I learnt something super useful today, a handy method that Ruby Hash has. Actually, it is more of a re-discovery. When I first came across this method, I couldn't appreciate its usefulness. One of the tasks I was working on resulted in a code like below, where tally
is your regular Hash and barcode
is a variable containing a key which may or may not be in the hash:
if tally[barcode] #if this particuar key is already present in this hash
tally[barcode] += 1 #increment the existing count
else
tally[barcode] = 1 #otherwise, start the count for this barcode with 1
end
This makes me feel clunky and heavy, such a simple logic, so many lines... Wish I could just do this instead:
tally[barcode] += 1
Of course, I can't do that, if the key doesn't exist, that means the return value out of the tally[barcode]
will be nil
and we can't add 1 to it. Nevertheless, there must be a better way of doing this, we are using Ruby after all:
tally[barcode] = tally.fetch(barcode, 0) + 1
One line!!! Doesn't it feel satisfying? Let's now have a look at what fetch
method does. In short, if the key we are asking for is present, it will return corresponding value, however if it's not present, it will return the sesond argument we passed in. This is expremely helpful! In my case I was working on a checkout kata, where you have a set of bulk discounts, and before I could apply them, I had to get the quantity of each item so see if any were eligible. tally
is what I used to keep track of how many of each items I have.

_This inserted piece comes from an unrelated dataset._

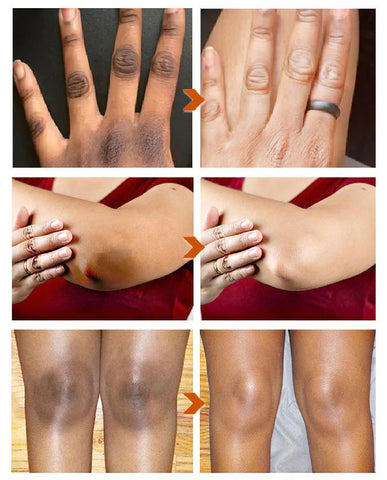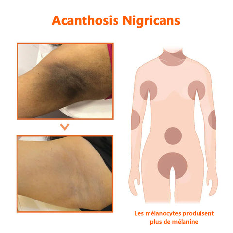 - La crème éclaircissante pour la peau foncée est spécialement formulée pour soulager l’hyperpigmentation causée par l’acanthosis nigricans, une affection cutanée qui produit des décolorations sombres et veloutées dans les plis et les rides de la peau.

It would have looked something like:
{
'apples' => 3,
'pears' => 2,
}
If someone scans apples, since 'apples' key already exists, fetch will return 3 and we just increase the count to 4, but, if, say 'bananas' are scanned, the key is non-existent, our fetch will return 0 and since we are adding 1 after fetching, the first count for new barcode will be 1, which is exactly what we need, simples!
Next time you have to check if the key exists within the hash and are doing something different based on that, remember fetch
, it may save you some lines and add some elegance to your code!